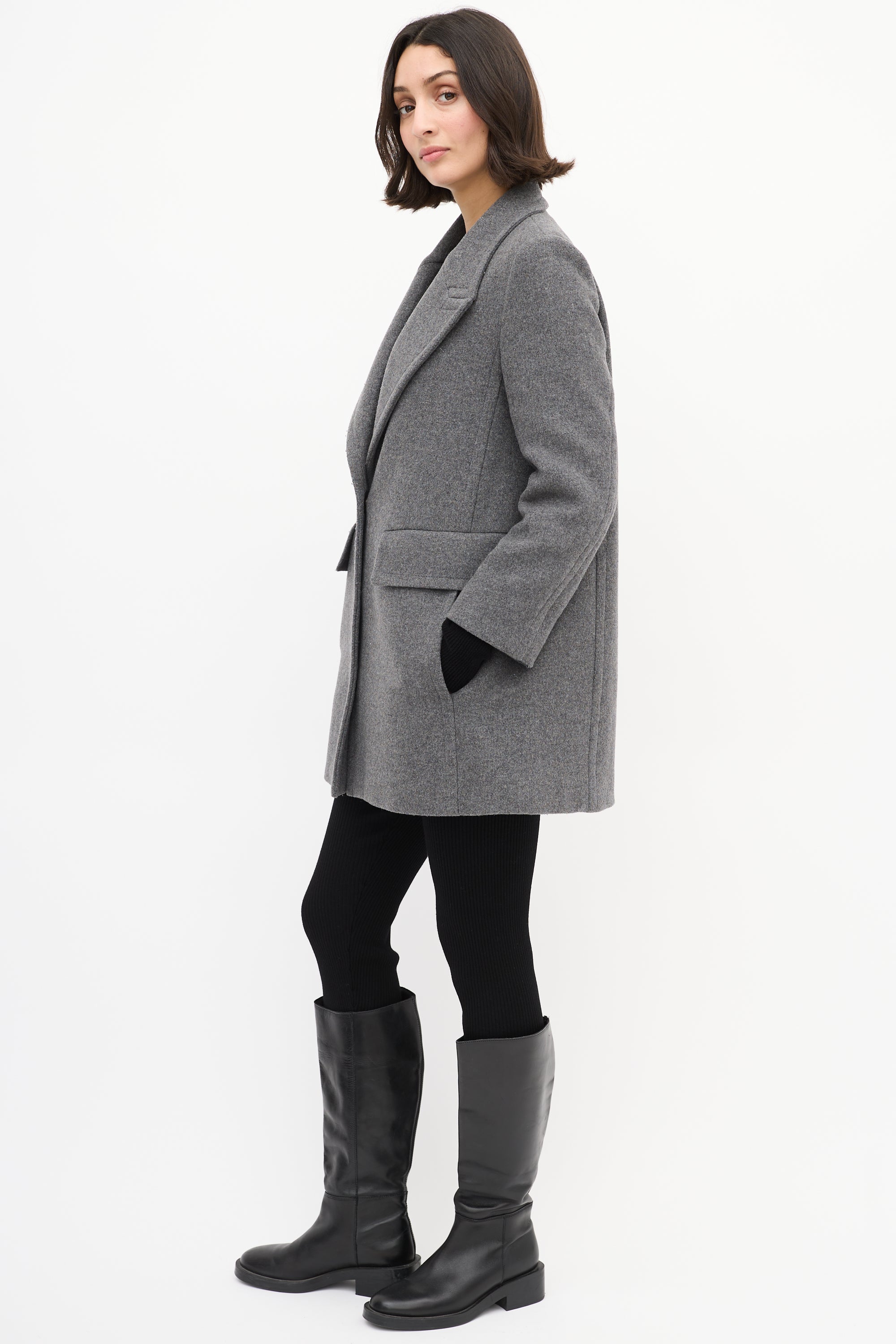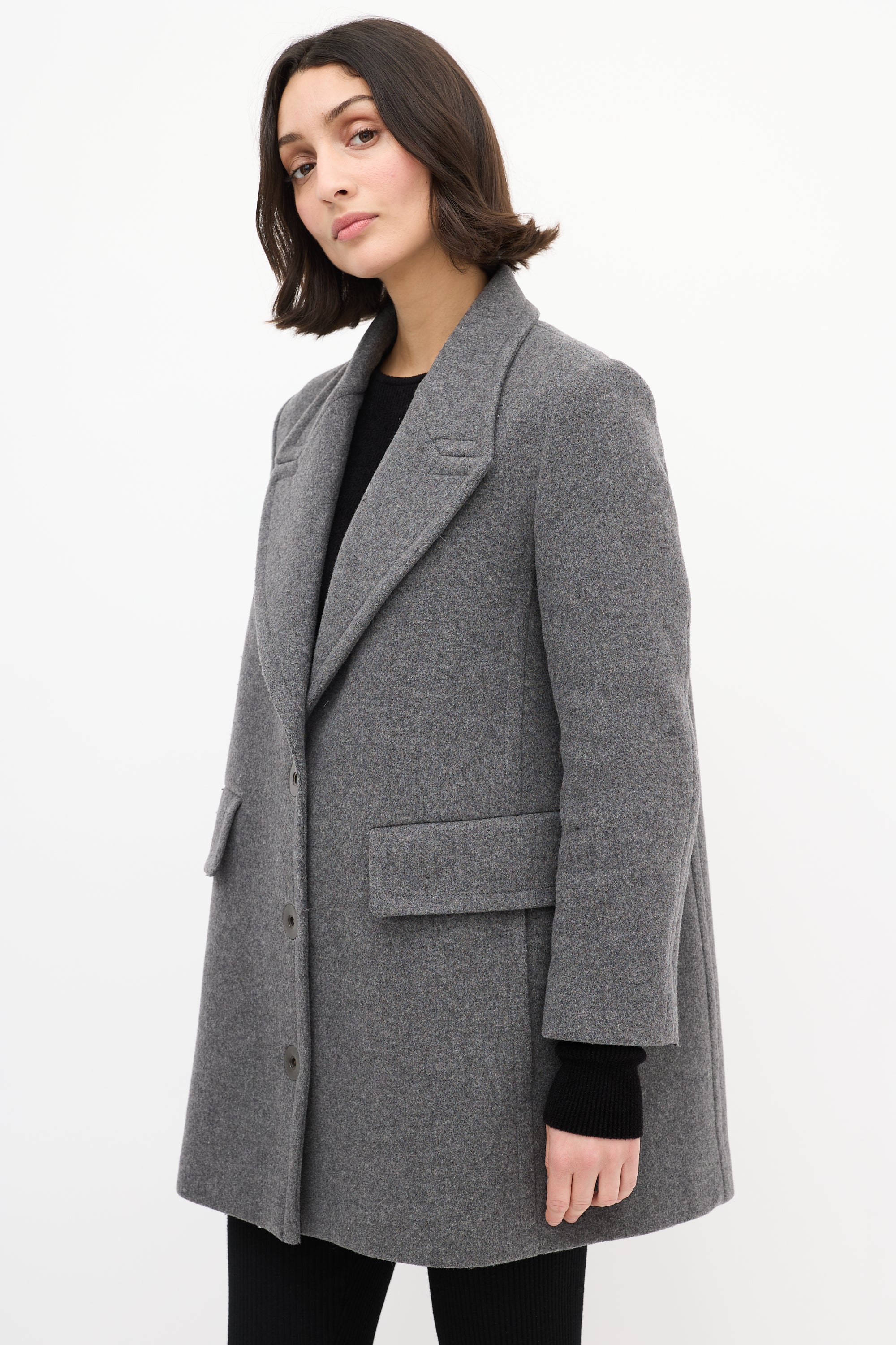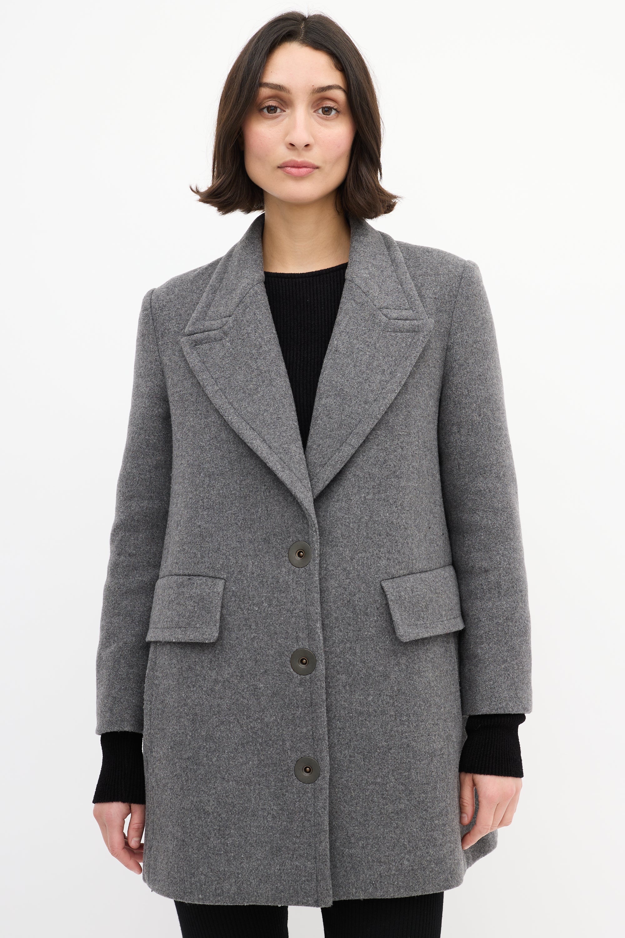 Pre-owned Stella McCartney grey wool blend mid length coat featuring a peak lapel, snap button up front closure, two flap pockets at front waist, two slash pockets at front hip, padded shoulders, and long sleeves. Lined.
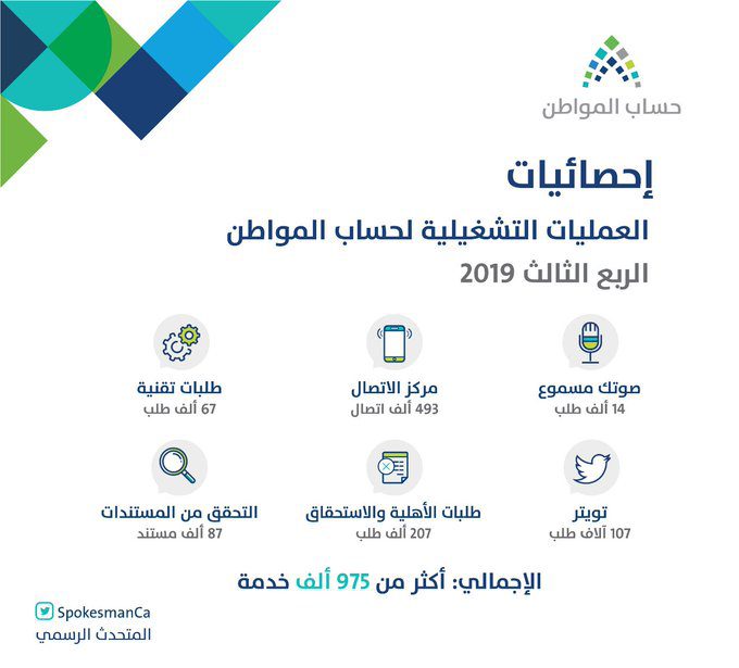 أنجز برنامج حساب المواطن أكثر من 975 ألف خدمة في الربع الثالث من العام الجاري على جميع المنصات شاملةً...
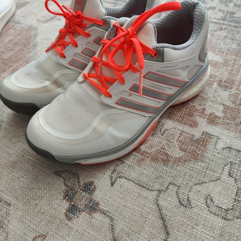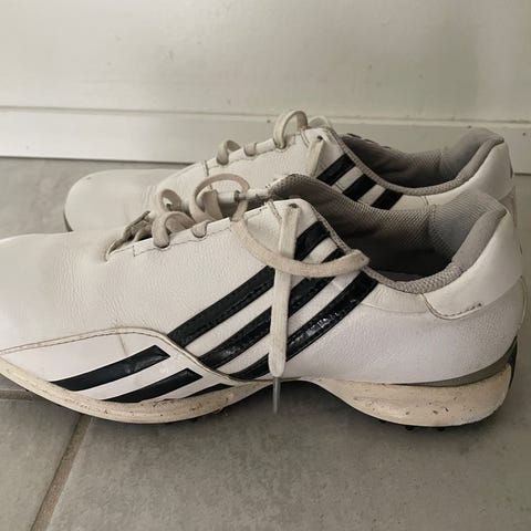 Adidas golfkengät, koko 38, valkoinen väri. Vaihdettavat ruusukkeet pohjissa. Kengät on varustettu Climaproof-ominaisuudella, jotka tarjoavat hyvän säänkestävyyden. Käyttämättömät, alkuperäinen pakkaus mukaan.
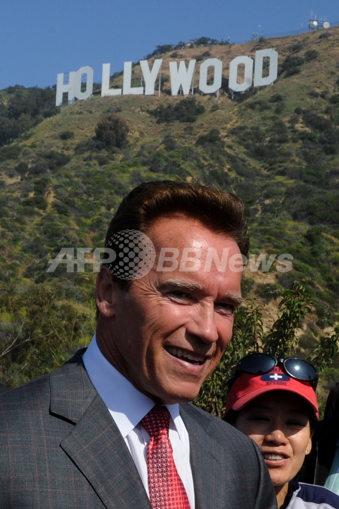 会見にはカリフォルニア(California)州のアーノルド・シュワルツェネッガー(Arnold Schwarzenegger)知事も出席。アクション俳優として活躍していた同知事は、スターになる夢を抱いていた無名のボディービルダー時代にハリウッドサインに刺激を受けたと語った。
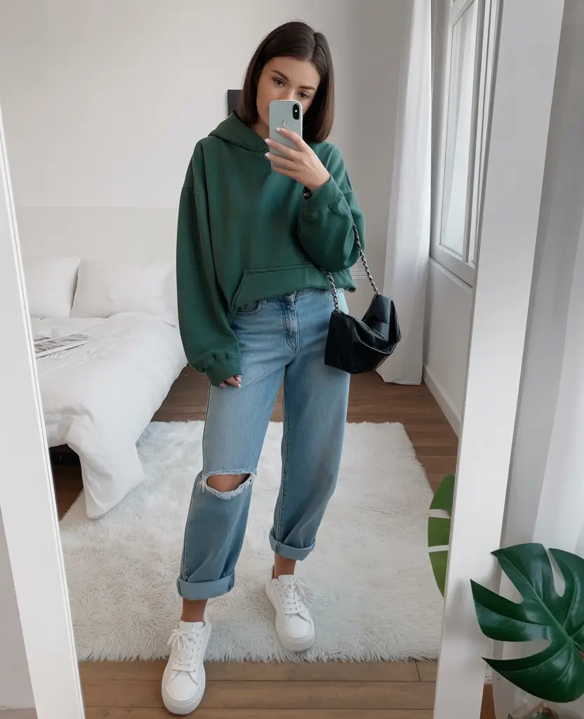 Relaxed Hoodie Energy With Playful Denim Ease captures the laid back spirit of modern mom style while still feeling current and stylish. A soft, well fitted hoodie offers unmatched comfort, especially on busy days filled with errands and quick transitions. Choosing a hoodie in fresh spring tones like soft sage, light pink, or creamy beige instantly updates the look for 2026. When paired with playful denim such as slightly distressed jeans or cropped straight legs, the outfit gains personality without feeling overly casual. The relaxed top contrasts beautifully with structured denim, creating balance between cozy and put together. This combination is perfect for casual coffee runs, weekend outings, or long days when comfort is your priority. The key is selecting a hoodie that fits well through the shoulders and arms so the outfit feels intentional rather than oversized.
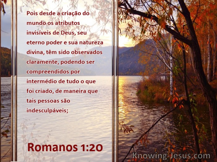 pois o que de Deus se pode conhecer é evidente entre eles, porque o próprio Deus lhes manifestou. Pois desde a criação do mundo os atributos invisíveis de Deus, seu eterno poder e sua natureza divina, têm sido observados claramente, podendo ser compreendidos por intermédio de tudo o que foi criado, de maneira que tais pessoas são indesculpáveis;
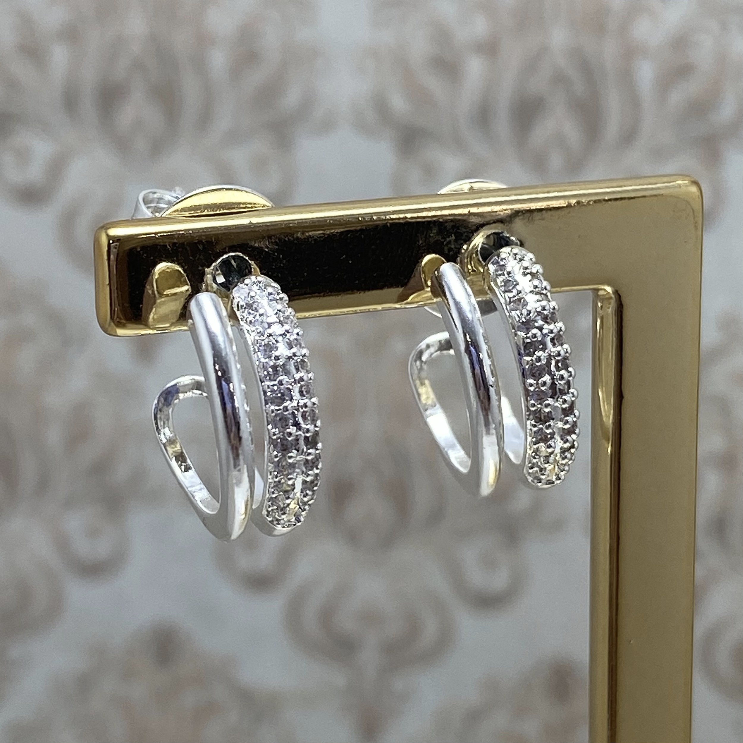 Brinco Meia Argolinha Dupla Semijoia Prata
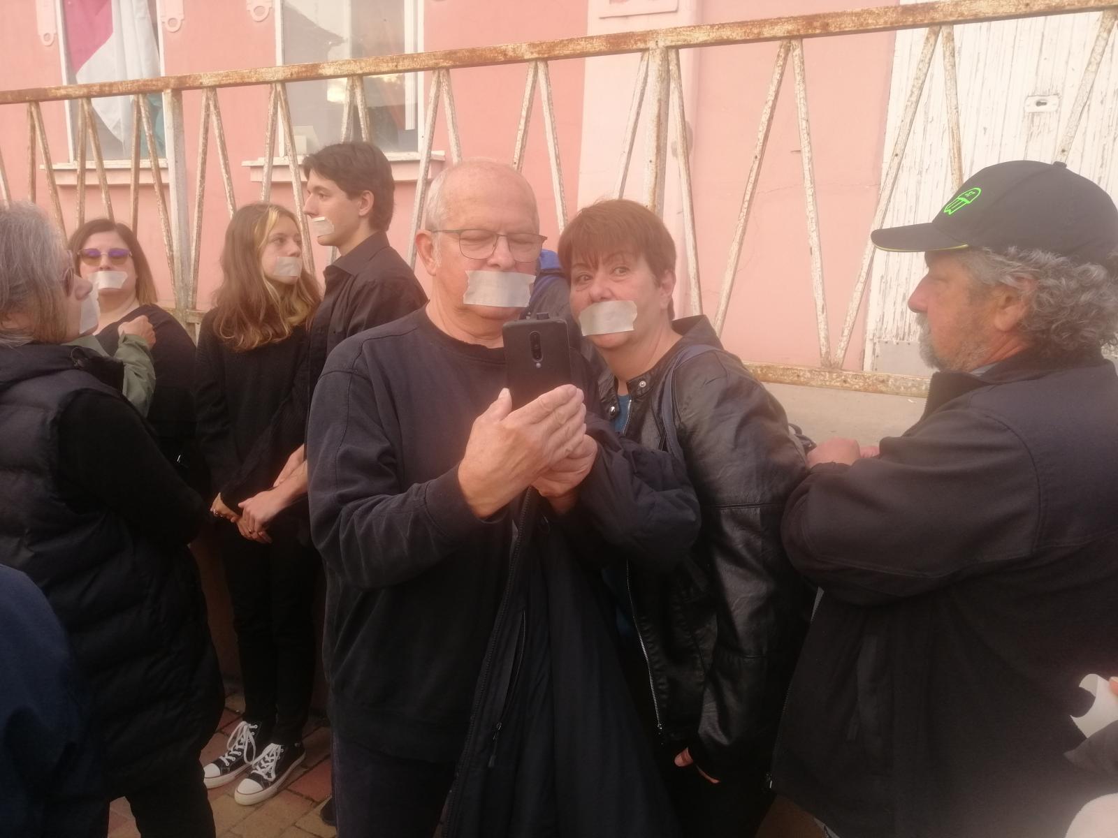 A csendes demonstráció során mindössze egyszer forrt fel az indulat. Egy férfi úgy gondolta, felolvas egy HVG-cikket, az egyik szervező megkérte, hogy ezt ne tegye, mire egy demonstráló hangosan kikérte magának, hogy belefojtották a szót a férfiba. Az aHang részéről Mészáros Andrásné lapunknak azt mondta, bármennyire is szólásszabadság van, egyrészt velük nem egyeztetett az illető, másrészt nem gondolják, hogy vállalni tudják, amit elmondott. Civil rendezvényt hirdettek, a politikával átszőtt gondolatokat nem érezték oda illőnek. Még ha ez valakinek nem is tetszett, ez akkor is az ő rendezvényük volt, szögezte le.
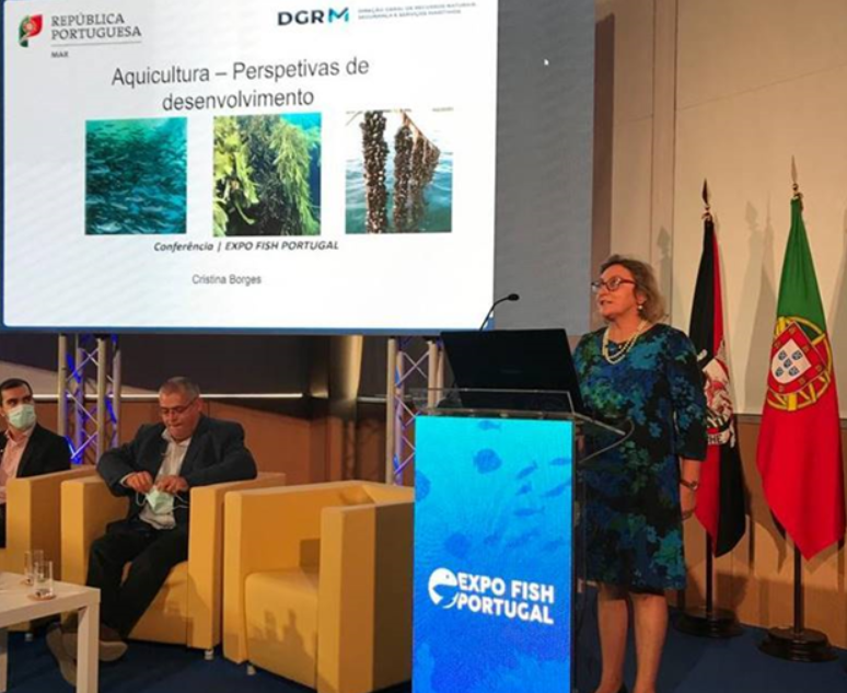 No 2º dia da feira, no âmbito das conferências em formato híbrido, que contou com as presenças da Sra. Secretária de Estado das Pescas, Teresa Coelho, e com o Secretário de Estado da Internacionalização, Eurico Brilhante Dias, a DGRM participou presencialmente com a intervenção da Chefe de Divisão de Aquacultura, Cristina Borges, no painel 4 sobre o tema “Aquicultura -Perspetivas de desenvolvimento”.
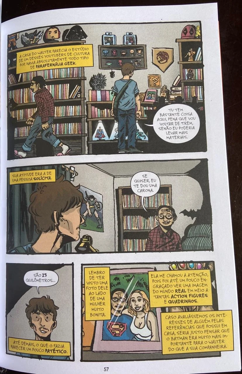 A principal reflexão de O Colecionador é sobre o contraste entre as vidas não vividas colecionando com as vidas que se resgatam a partir da morte dos colecionadores. Sim, os autores carregam nas tintas melodramáticas (especialmente no final um tanto decepcionante) e Érico parece meio “nutella” com seu fastio incessante diante de tudo e todos. Porém, quando ele se embrenha numa jornada para compreender a quem pertenceram os itens de sua coleção e também aqueles que ele vai vender em seu sebo, subitamente a HQ ganha um propósito e atinge a dimensão existencialista que sugere o tempo todo, com acertos irregulares.
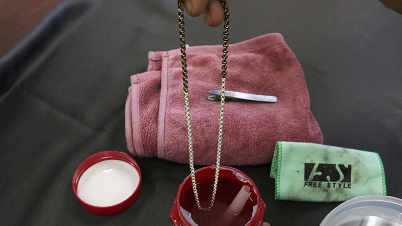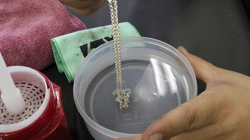 ステップ1)変色したシルバーを液体クリーナーに漬ける。その際気泡などを取り除く為によく混ぜてください。

+-------+

In the records above, find the line with "pois o que de". Print exactly from there through the line with "Brinco Meia Argolinha Dupla Semijoia Prata", minus the pictures.

 pois o que de Deus se pode conhecer é evidente entre eles, porque o próprio Deus lhes manifestou. Pois desde a criação do mundo os atributos invisíveis de Deus, seu eterno poder e sua natureza divina, têm sido observados claramente, podendo ser compreendidos por intermédio de tudo o que foi criado, de maneira que tais pessoas são indesculpáveis;
 Brinco Meia Argolinha Dupla Semijoia Prata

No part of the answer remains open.